March 19, 2004

consensus-based climate control

Kind of an old idea for a program that I only just remembered: a consensus-based climate control system for big offices. It'd be a client server app. The client would be a little thing in your taskbar that let you specify whether you were too hot, too cold, or just right. The server would gather all these inputs and bump the temperature of the office up or down accordingly.

Reason for having these 3 discrete choices: if clients were allowed to set the temperature on a continuum & then this was averaged to determine office temp, the system could be easily abused, ie if I want it hotter I set it to 120 degrees.

Posted by Alan at 02:33 PM | Comments (0)

March 11, 2004

fun implementing wince's unload

Oh, the horrors (I mean joys! joys!) of Pocket PC programming, it was so long ago I'd almost forgotten. Currently I am writing a little dll in EVC that can perform custom installation tasks.

Aside. Back in my Siemens era I remember days and days of weeping and gnashing of teeth over the unicode/ansii thing, I wanted to use stl's strings rather than nasty CStrings or even nastier LPCTSRs, the goal being some degree of platform independence. But I couldn't ever figure out when to use std::wstrings and when to use std::strings. After two years of not thinking about the problem, though, it took me maybe an hour yesterday to realize I should just typedef a tstring to be wstring when _UNICODE is defined, and string otherwise. Voila.

Anyhoo that's not to say things still aren't nasty & I suddenly want to be a Pocket PC programmer again. No way. I am running into problems even in this little custom install module. In it I try to fire off \Windows\unload.exe to force an uninstall of an old unsupported version of our program. unload.exe complies, but not before inexplicably posting a WM_CLOSE message to my process, killing it on the spot. There are a number of google groups posts on this & no helpful replies, yet.

So I am looking at doing unload.exe's job myself. I was warned in this article that I shouldn't attempt this, because WinCE has a special way of managing files shared between different apps. (Read: dlls.)

Well that's a strong argument against do-it-yourself. But I couldn't help but wonder, what's WinCE doing to the registry and filesystem that I can't duplicate?

Answer: nothing. Using EVC's Remote Registry Editor I exported snapshots of the entire registry before install, after install, and after uninstall. Luckily .reg files are plaintext so I could diff them. Only regkeys beneath HKLM\Software\Apps changed.

Then, after porting md5.cpp over to WinCE, I did a recursive listing of the entire file system including md5 checksums for each file. I diffed these filesystem snapshots and found that, again, the only things that changed were the expected ones in the expected places.

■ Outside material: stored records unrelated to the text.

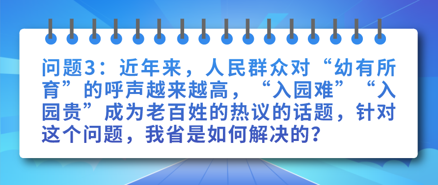 邓云锋:在刚才的发布词中,我简单谈到了我省学前教育事业发展的情况。民之所盼,政之所向。解决好群众的教育方面的操心事、烦心事、揪心事,是办好人民满意教育的必然要求。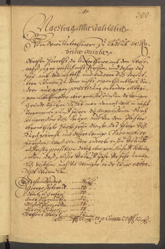„Mimo że poddani w tej miejscowości nie zbierają dużych ilości siana, którym można nakarmić bydło wykonujące pańszczyznę lub inne bydło, dodatkowo większość nie posiada ziemi, a jedynie wykonuje należne prace na rzecz majątku lub odprowadza czynsz, co więcej, w ostatnich pięciu latach panowała choroba bydła a i dzierżawca zmuszał do ciężkiej pracy pańszczyźnianej, z tego powodu konsumpcja była niewielka i co niektóry zarobił na sprzedaży siana, co też sumiennie zgłosił do opodatkowania, jednakże taka sprzedaż nie będzie możliwa co roku i brak możliwości jej przedłużenia.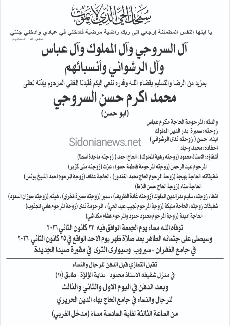 جريدة صيدونيانيوز.نت / وفاة محمد اكرم حسن السروجي ٢٤-١-٢٠٢٦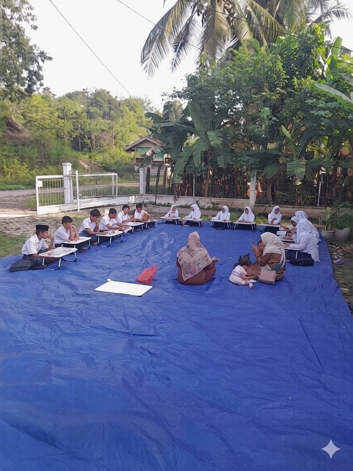 Sebelumnya, kegiatan belajar masih dapat dilakukan di bawah tenda darurat. Namun, setelah lima bulan berlalu, tenda-tenda tersebut mulai rusak dan tidak lagi layak digunakan akibat terjangan cuaca.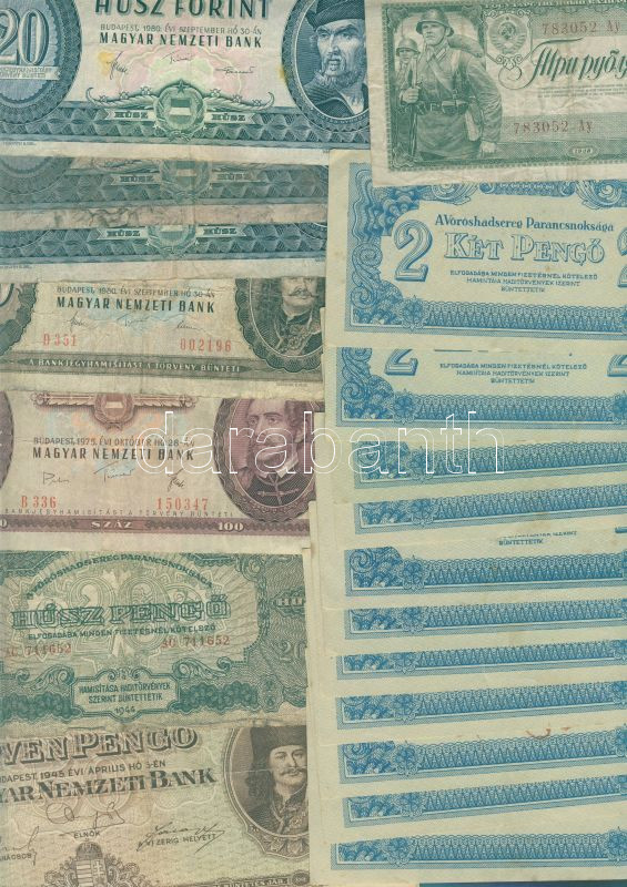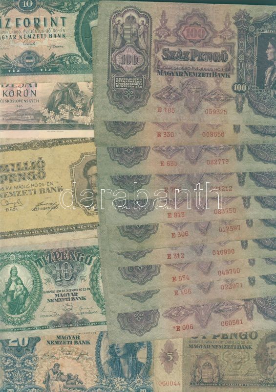 Leírás: Pengő-forint tétel 48db +2.klf, külföldi bankjegy 48db T:II,III,IV(kevés)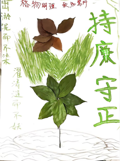 清正廉洁以身垂范,慎独自重洁身自强。作品中左侧的枝桠树叶既代表着清正廉洁施行下的中国枝繁叶茂、蓬勃发展。又代表着给人民带来的庇荫,为人民谋幸福;右侧是“清正廉洁”四个字中,“清”字带有毛笔字的古韵古味,体现出“清正廉洁”是中华民族的优良传统,源远流长,而“廉”字以荷花34的形态展示出来,以莲的品性比如“廉洁”的可贵品德。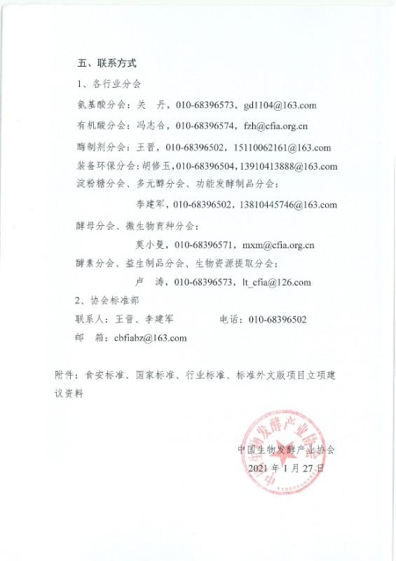 中國生物發酵產業協會關于征集2021年國家標準、行業標準和標準外文版項目立項建議的通知(中生發協標[2021]1號)
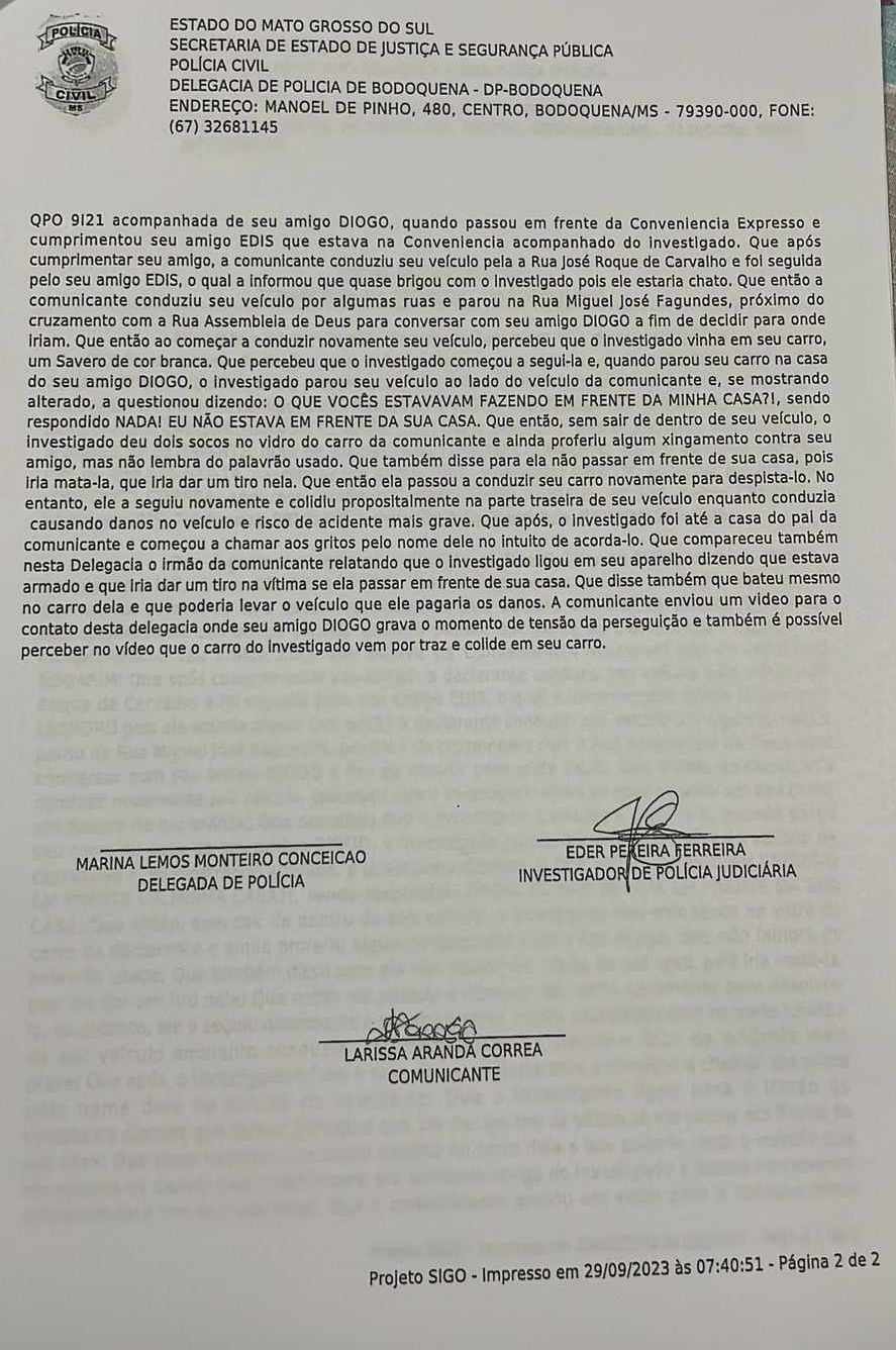 O presidente da Associação Pedal Bodoquena Leandro Bogarim da Silva (36) perseguiu, bateu duas veses e esmurrou o carro ameaçando de morte a gestora do Pólo Unisa de Bodoquena Larissa Aranda Correa(30), conforme consta no boletim de ocorrências e confirmado pela vítima ao site Conteúdo MS.

So I am on the verge of writing my own unload.exe. It's pretty easy, you just grok the \Windows\MyApp.unload file and remove everything listed there in order. It also lists dlls which I suppose you should unregister, but I think I'm going to ignore \Windows\*.dll, and thus sidestep any of the sharing problems that article mentioned.

Posted by Alan at 01:07 AM | Comments (0)

March 09, 2004

tangram equals yay

Oooo! I may have finally found the perl module I've been looking for all my life (well, ever since my life became data-centric apps): Tangram. It handles orthogonal object persistence and does an object-to-relational model mapping. It supports either MySQL or Sybase (which I think implies MSSQL).

Basically, in plain English, this means you can just forget about your database backend and concentrate on writing code that *actually does things.* Compare this to incessantly worrying about mapping database tables onto your objects and back onto tables again. Add session persistence via CGI::Session, xml serialization and deserialization via XML::Simple or XML::Dumper, hook in your favoriate xslt processor, and there you have it, nine tenths of your typical web app is already written, leaving you to implement the interesting stuff.

Gonna try it all out when I get the time (ha ha).

Posted by Alan at 06:37 PM | Comments (0)

March 05, 2004

rock, me, hard place

Crap. I need to use an ssh2 key to make sftp work and an ssh1 key to make wincvs work. There's nothing stopping you from setting up two keys but I'd really rather not force 50 developers to add another key.

This situation is especially irritating because both these problems are bugs. There's no reason why sftp can't tunnel over ssh1, as far as I can tell it just uses ssh2 by default & there's no way to instruct it not to. WinCVS for its part ignores the contents of the "additional ssh options" box which contains the all-important "-2" parameter.

Sigh. And after I just spent 5 hours setting up chrooted sftp access by compiling custom shells.

I really should start a separate category for whiny entries like this one.